CD14+ monocyte disease-state analysis
For the analysis of the COVID-19-associated monocyte subsets, we focused on the neighborhoods annotated as CD14+ monocytes based on majority voting, as described above. We split CD14+ monocyte neighborhoods into IFNhi COVID-19 neighborhoods (spatial FDR < 0.1, log fold change > 0 and IFN signature > 0.2), IFNlo COVID-19 neighborhoods (spatial FDR < 0.1, log fold change > 0 and IFN signature < 0.2) and healthy neighborhoods (the remaining neighborhoods). To assign cells to one of these three phenotypes, we computed, for each cell, the number of neighborhoods of each phenotype to which that cell belonged (as Milo neighborhoods can be partially overlapping) and we labeled cells based on the most representative phenotype (if the cell was found in at least three neighborhoods of that phenotype; otherwise the cell was annotated as mixed CD14+ monocyte phenotype).
For differential expression analysis, we aggregated gene expression profiles by summing counts according to sample and CD14+ monocyte phenotype and performed differential expression testing with the edgeR quasi-likelihood test76 using the implementation in the R package glmGamPoi76 and 1% FDR (Supplementary Tables 2 and 3).

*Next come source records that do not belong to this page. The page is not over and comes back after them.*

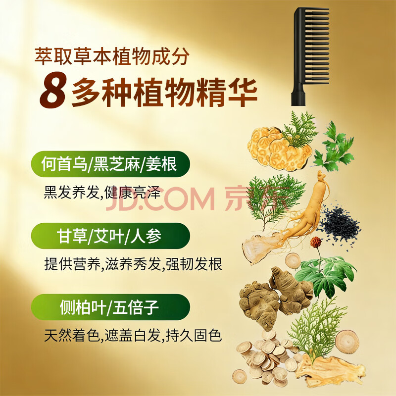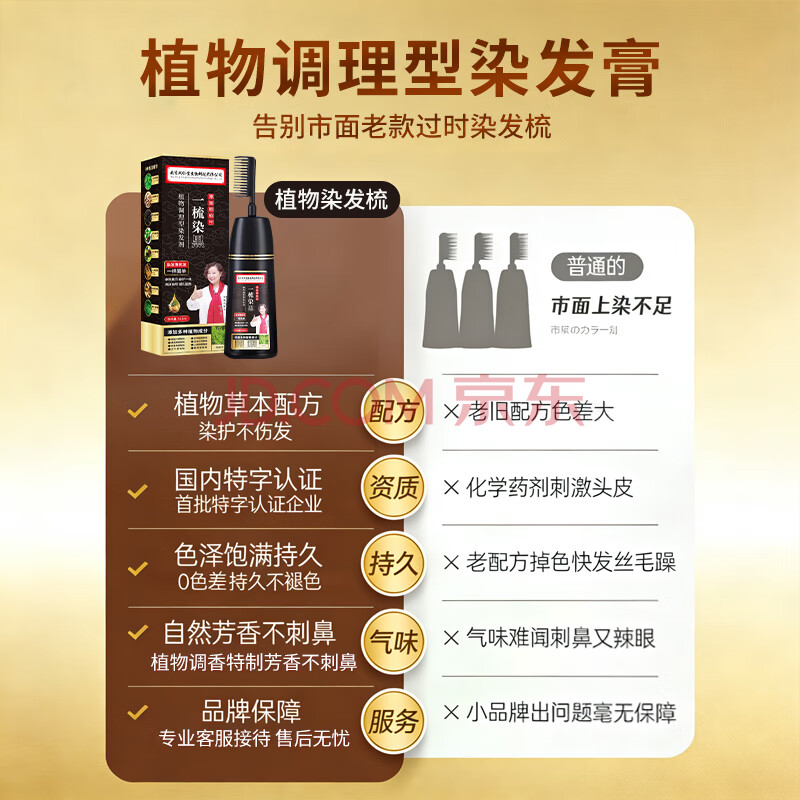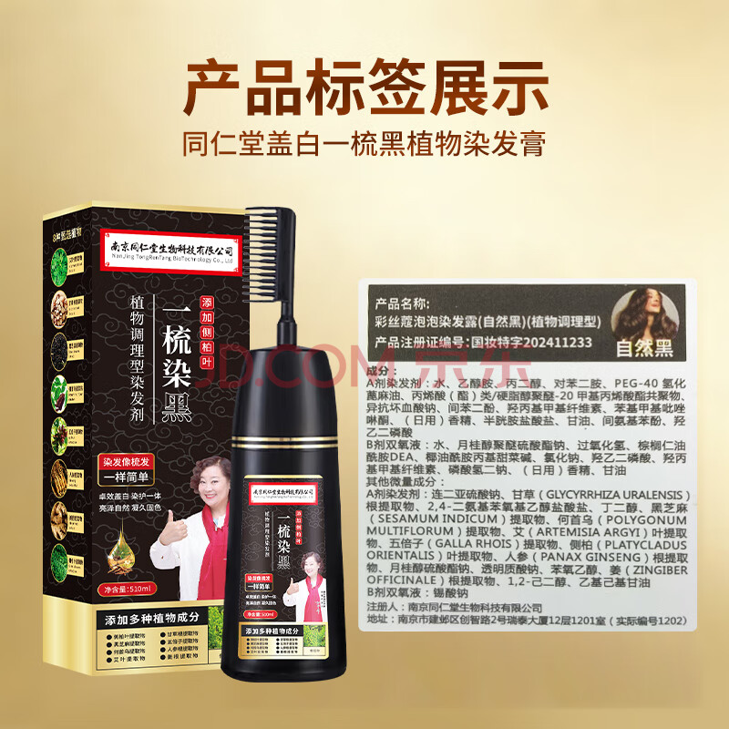 商品相册:同仁堂染发膏剂一梳黑盖白纯天然植物无刺激不沾头皮男女士专用染发黑色第
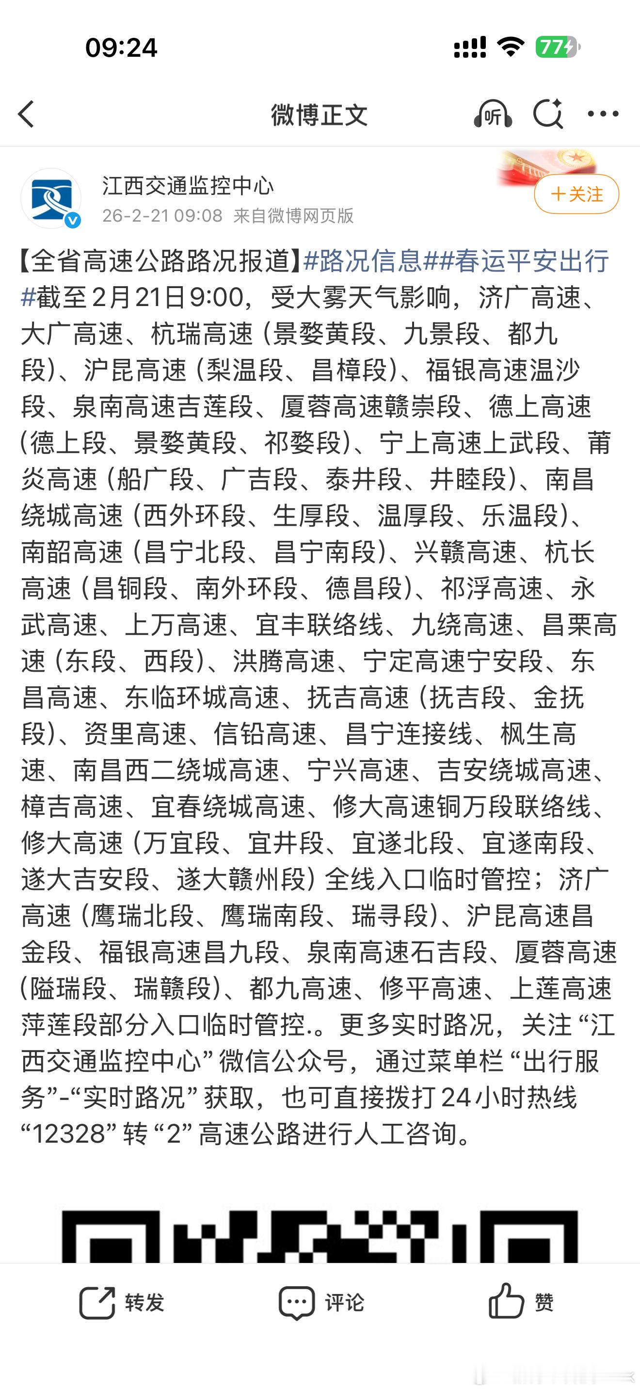 早今天江西大雾,高速入口封闭
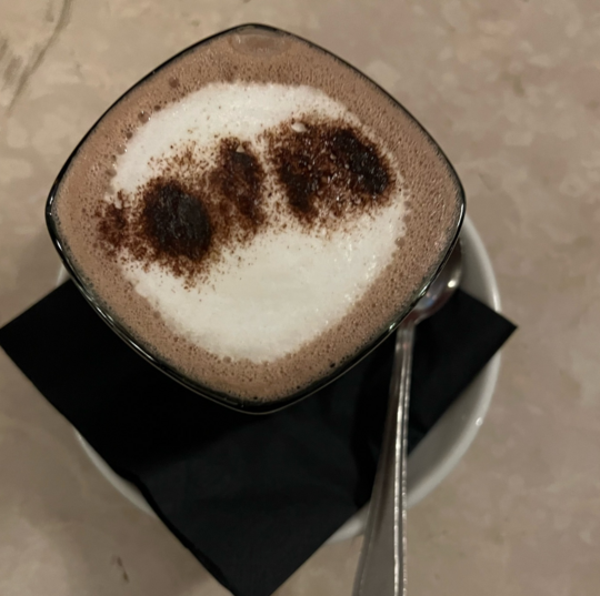 Sowohl im Restaurant, in der kleinen Bar oder vor dem Kamin kann man verschiedene Kaffeesorten wählen. So spät entscheiden wir uns für einen koffeinfreien Lattemacchiato . Gut, dass er angeboten wird. Hafermilch gab es zwar nicht, dafür andere Sorten.
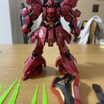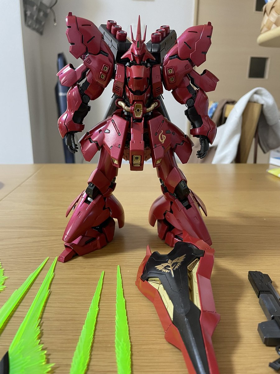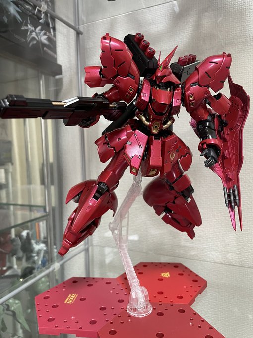 RGサザビー完成!!灰サフ→メタリックレッド→光沢クリアのテカテカ仕様です♪黒部分は青鉄色でこちらもテカテカ!シールドのゴールド塗り分けはお気に入りです⭐︎ #ガンプラの画像を貼るとRTされると聞いて #ガンプラ好きと繋がりたい #サザビー
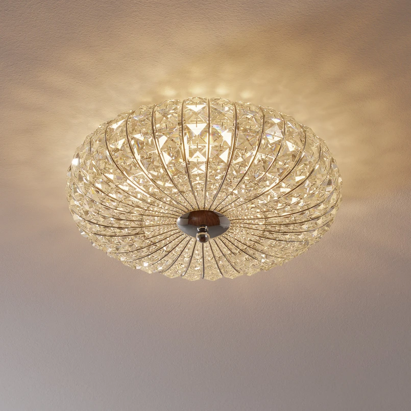 Κομψό φωτιστικό οροφής Broche λάμπει και αστράφτει χάρη στα πολλά κρύσταλλα Αν δεν θέλετε να στερηθείτε κάτι πολύ ιδιαίτερο στο σαλόνι σας, μπορείτε να καταφύγετε στο λαμπερό φωτιστικό οροφής Broche. Αποτελείται από ένα στρογγυλό φωτιστικό που έχει τοποθετηθεί με πολυάριθμα κρύσταλλα σε διάφορα μεγέθη. Όταν το φως είναι αναμμένο, το Broche αρχίζει να αστράφτει και να λάμπει καθώς το φως διαθλάται πολλές φορές και τα κρύσταλλα αντανακλούν το ένα το άλλο. Αυτό δημιουργεί υπέροχες στιγμές φωτός που δημιουργούν μια ζεστή ατμόσφαιρα. Αυτό το υπέροχο φωτιστικό τραβάει την προσοχή όλων και κάνει πάντα μια ωραία φιγούρα
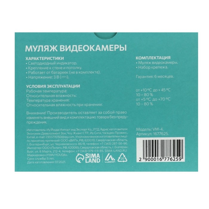 Устройство выполнено в виде купольной камеры и оснащено светодиодным индикатором, который имитирует работу настоящего прибора. Муляж работает от двух батареек и легко крепится к потолку. В комплект входят шурупы и пластмассовые дюбели для установки.
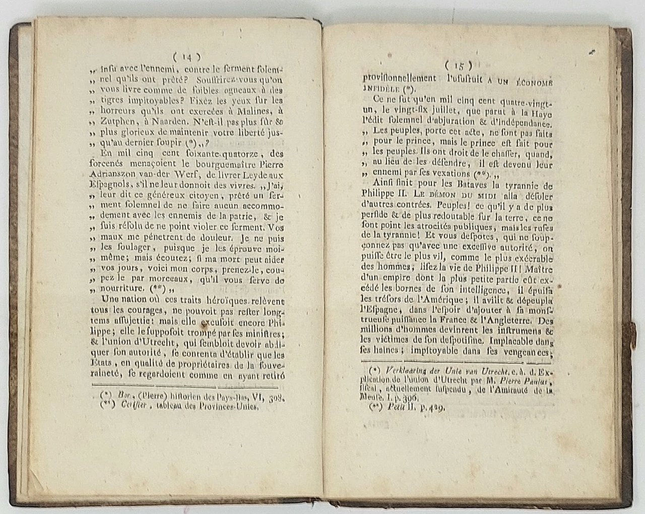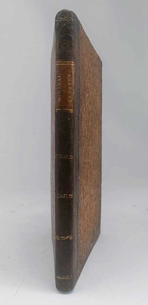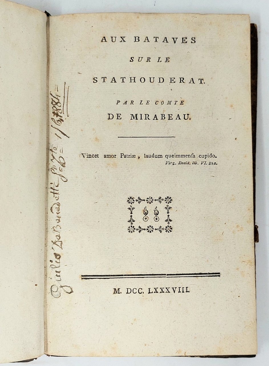 >in-8 piccolo (190x120 mm), pp. 88, legatura d'epoca in mezza pelle ed angoli, filetti e titolo in oro su tassello al dorso. Presumibile contraffazione dell'edizione originale di questo libretto, poi ripubblicato suddiviso in due parti con le note di Dumont-Pigalle e Marron. In questo pamphlet, come è noto, Mirabeau solidarizzava con i patrioti dei Paesi Bassi e con Gugliemo d'Orange contro l'invasione prussiana, incitandoli a difendere la loro aspirazione alla libertà. Famoso come anticipazione della "Declaration des droits de l'homme et du citoyen", enunciandone in XXVI punti i principi fondamentali, come: "Tous les hommes sont nés libres et egaux"; "Tous pouvoir étant émané du peuple, les différens magistrats où officiers... lui doivent comte dans tous le temps"; "Le peuple pour le bonheur de qui le gouvernement est institué, a le droit inaliénable de le réformer, de le corriger, ou de le changer"; " Toutes les élections doivent étre libres"; "Le peuple a le droit de s'assembler pour consulter sur le bien commun". Sono gli stessi principi che Mirabeau sosterrà poi nel 1789 agli Stati Generali e all'Assemblea Costituente. Esemplare con firma d'appartenenza nel margine bianco interno del frontespizio e delle prime 2 pp.: "Giulio de Benedetti, 1 giugno 1884"; ex-libris settecentesco "Ex bibliotheca De Cardenas" (il bibliofilo torinese Giuseppe de Cardenas, conte di Valeggio). Lievi fioriture sparse nei margini esterni bianchi, mancanza all'angolo superiore di p. 31.

Design comparison on the IPF dataset
Data preprocessing and model training
Gene expression count matrixes for human lung IPF, control and COPD scRNA-seq data from Adams et al.2 were downloaded from the Gene Expression Omnibus (accession no. GSE136831). As cell type annotations, we used uniform labels generated from the integration of this dataset with the HLCA by Sikkema et al.16, downloaded from Zenodo (https://zenodo.org/record/6337966). For latent embedding with the AR and ACR designs, we used the embeddings from scArches mapping on the core HLCA model provided by Sikkema et al. via Zenodo. For latent embedding with the CR design, we trained a scANVI model77 on the concatenated control and disease replicating the parameters used to train the HLCA model (according to the notebooks in https://github.com/LungCellAtlas/HLCA_reproducibility), using dataset ID as the batch covariate and training on the same set of 2,000 HVGs used for HLCA training. We opted to keep the HLCA HVG set for the CR design instead of recomputing HVGs because it was selected using a custom batch-aware strategy and compared (in the original study) to alternative selections with a benchmarking pipeline16. Therefore, we reasoned that recomputing HVGs on the CR design would not represent a fair comparison. DA with Milo was performed as described above (changing only milopy.core.make_nhoods, parameters: prop = 0.01), comparing the abundance of cells from IPF samples to the abundance of cells from the control samples. Neighborhood-level annotations were performed using majority voting as described previously.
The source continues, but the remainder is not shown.